SHAPE-MaP sequencing reads were uniquely mapped to the hg19 human genome or 18S rRNA using Bowtie2 version 2.1.0 (Langmead and Salzberg 2012). A summary of SHAPE-MaP libraries is in Supplemental Table S3. Mapped reads with deletions >3 bases were removed. Due to the ambiguous nature of insertions and deletions, reactivity per base was determined by counting only mismatches using pysamstats (https://github.com/alimanfoo/pysamstats) and was normalized to the total coverage per base. The reactivity of corresponding untreated samples was subtracted from the treated samples. Counts from bases with a reactivity >0.05 in any sample were removed. Reactivity of bases in the histone SL were calculated by combining the counts for each base across 30 individual histone transcripts. The normalized reactivity at which a base was considered modified (shown as dashed lines in Fig. 5B,C) was set at one standard deviation above the median normalized value averaged over wild-type and R749H samples after removing values <0 and >0.05.
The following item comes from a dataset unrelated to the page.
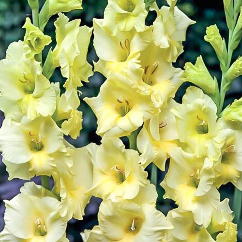Гладіолус великоквітковий Деббянн дає колосовидне стебло, що покрите 20−25 бутонами. До кінця літа розпускається чудовими ніжно-жовтими квітками, які схожі на крила метелика. Серцевина має салатово-лимонне забарвлення. Краї пелюсток гофровані.

qRT–PCR of 3′ extended histone transcripts

qRT–PCR was performed on three replicates of wild-type and R749H total nuclear RNA. Nuclei were isolated in 300 mM sucrose, 10 mM HEPES (pH 7.3), 85 mM KCl, 0.1 mM EDTA, 0.5% NP40, and 0.5 mM DTT. Intact nuclei were washed twice in 10 mM TE, and RNA was isolated using Trizol. Oligo-dT primed cDNA was synthesized with SuperScript IV (Invitrogen) and PCR-amplified using primers (Supplemental Table S2) within 5 kb downstream from histone genes (Fig. 1C). qPCR targets were selected based on evidence of increased readthrough transcription in mRNA-seq reads and the ability to design unique primers against potential targets. Signals were normalized to GAPDH, whose abundance is unaffected in the R749H mutant. The fold change between wild type and R749H was calculated using the Δ/ΔCt method.
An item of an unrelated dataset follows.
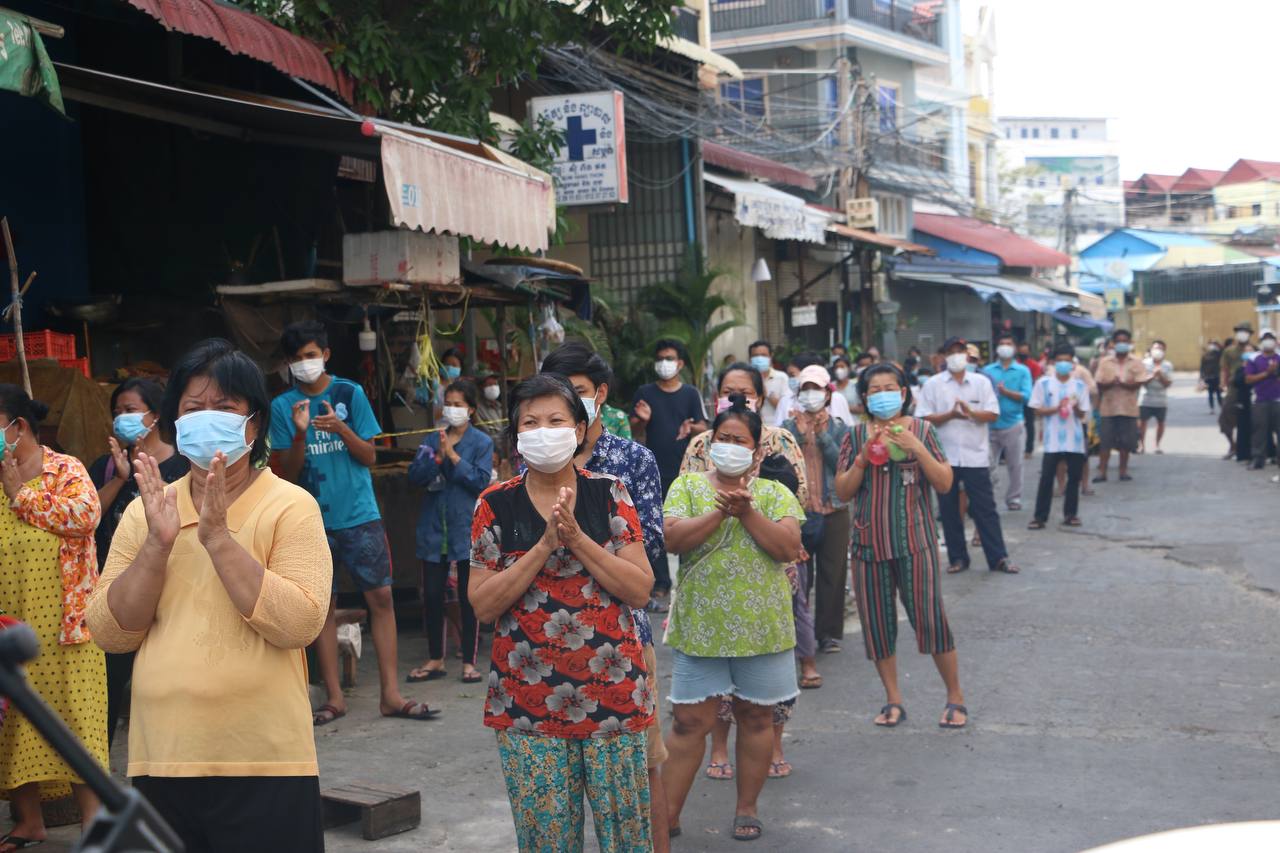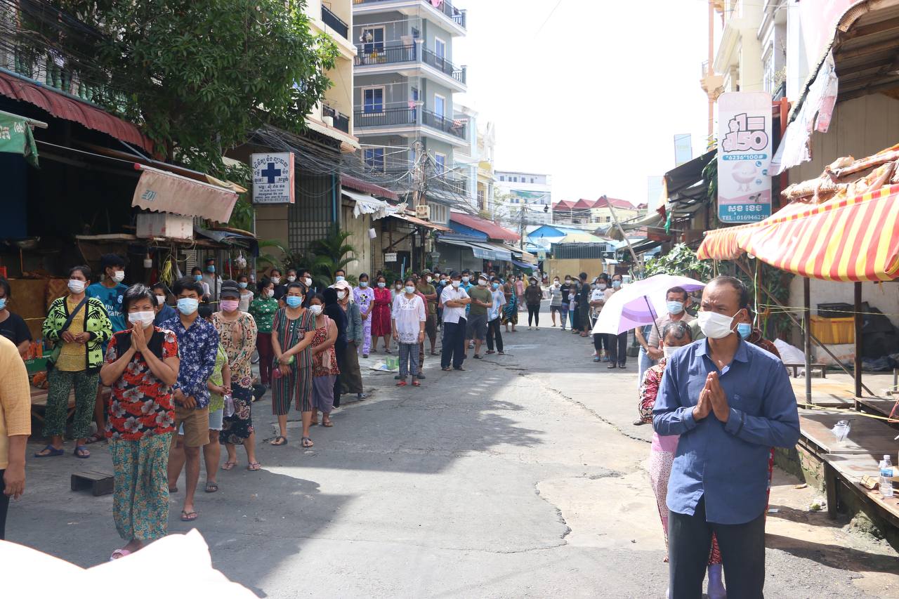 លោកឯក ឃុនដឿ បញ្ជាក់ថា រដ្ឋបាលរាជធានីភ្នំពេញ កាលពីល្ងាចថ្ងៃទី០២ សីហា បានសម្រេចបិទខ្ទប់ច្រកផ្លូវលេខ ៣៧២, ៣៧២z និងផ្លូវលេខ ៣៦២ ស្ថិតក្នុងភូមិ សង្កាត់បឹងសាឡាង ខណ្ឌទួលគោក រាជធានីភ្នំពេញ ហើយនៅពេលនេះ អាជ្ញាធរសហការជាមួយក្រុមគ្រូពេទ្យបន្តពិនិត្យយកសំណាកនៅភូមិ៤ ភូមិនិងភូមិ៨សង្កាត់បឹងសាឡាង ខណ្ឌទួលគោក បន្តទៀត ខណៈពេលពួកគាត់កំពុងរងចាំលទ្ធផលនៃការពិនិត្យយកសំណាក់ពីម៉ាស៊ីនធំនិងដោយមានការគិតគូរពីសម្តេចទាំងទ្វេ ទើបអោយអាជ្ញាធរខណ្ឌទួលគោកចុះយកអំណោយមកប្រគល់ជូនពួកគាត់ទាំងជាង២០០គ្រួសារនេះតែម្តង។

3′ RACE and 3′ RACE qRT–PCR

Total nuclear RNA was used to generate cDNA using SuperScript IV (Invitrogen) with the dT18-XbaKpnBam primer (Supplemental Table S2). 3′ RACE (Fig. 1D) was carried out using two rounds of PCR with nested forward primers and the XbaKpnBam reverse primer (Supplemental Table S2; Berg et al. 2012). qPCR of 3′ RACE (Fig. 1E) was performed using 1 µL of the first PCR reaction (20 cycles) amplified with a nested forward primer and the XbaKpnBam reverse primer. The fold change in signal was calculated using Δ/ΔCt after normalizing to GAPDH. 3′ RACE targets were selected based on evidence of increased usage of a distal poly(A) site in poly(A)seq reads from R749H compared with wild type (N Fong and D Bentley, in prep.) and the ability to design unique primers. Sequences surrounding the targeted poly(A) site are as follows, with the PAS site underlined and the approximate site of cleavage in bold: Hist2H2BE (TTAATAAAGTTACCAATTAATTTAAAGGCTTTGCTGGAT), Hist1H2AG (CTAAATTCATAATAAAGTGAAATGTTCAAGTTCAGTCAAG), Hist1H2BJ (TAATAGCAAATAAATTAACTTTTATGACAGGGAATTGTTG), and Hist3H2A (TCTGATATTAAAAGTATTTATGATCTCTAAGTAGTTTGC).

Immunoblotting

Immunoblots were probed with rabbit anti-SLBP (1:1000; kindly provided by Z. Dominski), rat anti-tubulin, and anti-histone H3. HRP-conjugated goat anti-rabbit antibody (DAKO) was used, and signals were developed with ECL Plus (Roche).

Accession numbers

ChIP-seq and RNA-seq data sets were deposited at GEO under accession number GSE109652.